The problem with the term 'civilization' is the fact that historically there is near universal tendency of settled, urban societies to discriminate against peoples they perceived 'uncivilized and therefore greatly inferior'. Though maybe I should rather write 'near universal tendency of all human societies', because even very 'primitive' (another very unpleasant word

) societies had their own category of 'barbarians' and 'uncivilized savages'.

Therefore, it is impossible today to describe any historical group of people as 'uncivilized' without sounding like a jerk. I have encountered Australian articles on some Aboriginal sophisticated hunting techniques as a proof of 'Aborigines being the oldest continuous human civilization'. With all respect, if we can describe Australian hunter - gatherers as a 'civilization' then we may as well throw this word out of the window, as any and all human societies become Civilizations from similarly humanist perspective.
Personally I am quite attached to the classical definitions of 'civilization' as a
settled, urban, agricultural society with a non - tribal government and social hierarchy. Writing is quite silly requirement of a civilization, because there were some very big and advanced societies without confirmed writing systems (most notably in Andes, but also some Subsaharan civilizations). Similarly 'organized religion' is a weird requirement which smells of some eurocentric visions of what is deemed to be the 'proper' religion (especially as even beliefs of very small and native human groups tend to be very poetic and sophisticated). Currency is obviously not required either, as it was only discovered in 6th century BC.
This would immediately disqualify Maori, Mapuche, Cree and generally all Native American tribes. Personally I'd be perfectly fine with this, as I have always felt Native American tribes just feel awkward on this scale. Generally I don't think a group of people should be in this game if its description in encyclopedias is more anthropology rather than history.
Then we get some problematic cases which are hard to classify using the classical binary notion of "civilizations vs tribes". Mongols are an interesting example, because they were basically nomadic tribes which due to very specific factors were capable of becoming an enormous power on the "macro civilizations" scale, so they get a special pass.

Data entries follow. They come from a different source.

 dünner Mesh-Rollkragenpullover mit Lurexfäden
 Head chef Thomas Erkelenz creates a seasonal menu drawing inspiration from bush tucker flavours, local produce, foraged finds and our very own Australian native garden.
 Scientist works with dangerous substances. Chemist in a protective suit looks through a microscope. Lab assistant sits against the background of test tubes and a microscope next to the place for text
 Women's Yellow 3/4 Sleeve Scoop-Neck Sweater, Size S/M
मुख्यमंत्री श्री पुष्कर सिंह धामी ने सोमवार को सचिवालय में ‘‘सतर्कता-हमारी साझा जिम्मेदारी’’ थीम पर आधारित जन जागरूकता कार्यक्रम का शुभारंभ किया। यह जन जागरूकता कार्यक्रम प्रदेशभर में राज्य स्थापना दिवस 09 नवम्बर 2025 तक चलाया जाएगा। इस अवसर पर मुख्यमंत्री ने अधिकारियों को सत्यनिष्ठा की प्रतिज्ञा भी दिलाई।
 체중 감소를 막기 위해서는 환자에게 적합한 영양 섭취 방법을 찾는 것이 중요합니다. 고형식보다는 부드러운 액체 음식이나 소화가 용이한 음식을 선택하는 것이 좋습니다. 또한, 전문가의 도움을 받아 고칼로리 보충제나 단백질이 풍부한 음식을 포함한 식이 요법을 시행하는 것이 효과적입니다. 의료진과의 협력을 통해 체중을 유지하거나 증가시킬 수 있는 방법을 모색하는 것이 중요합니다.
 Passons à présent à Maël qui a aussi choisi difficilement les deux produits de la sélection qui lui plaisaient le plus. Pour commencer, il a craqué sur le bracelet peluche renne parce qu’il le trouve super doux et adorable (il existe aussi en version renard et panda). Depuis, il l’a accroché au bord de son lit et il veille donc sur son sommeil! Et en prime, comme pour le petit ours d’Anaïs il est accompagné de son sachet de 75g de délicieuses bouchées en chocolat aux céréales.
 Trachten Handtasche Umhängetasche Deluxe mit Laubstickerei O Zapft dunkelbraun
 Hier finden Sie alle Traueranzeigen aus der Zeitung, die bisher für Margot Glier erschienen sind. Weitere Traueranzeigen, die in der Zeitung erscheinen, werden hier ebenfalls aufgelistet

What helps here is the fact they actually were capable of governing cities and states once they conquered them. Scythians, Huns and Manchu probably also get a special pass for similar reasons - if a group of nomads was so big, so long living and so powerful that it terrified empires, then it is an acceptable exception from the rule.
Then we get cases like Celts/Gauls, where they seem to be in the very interesting "proto civilization" stage, halfway between "tribes" and "civilizations". They lived in a countless mass of tribes, but those tribes had population centres comparable with large cities; they had roads, mines, diplomacy, organised armies, advanced metallurgic industries, irrigation, long range trade and some of them even minted their own coins. Such peoples seem legit for me to arrive into games like this one.
But in the end it doesn't matter, because today every group of human beings is a 'civilization' in discussions like this one, because we don't wanna offend anybody due to the unfortunate implications of calling anybody 'uncivilized'.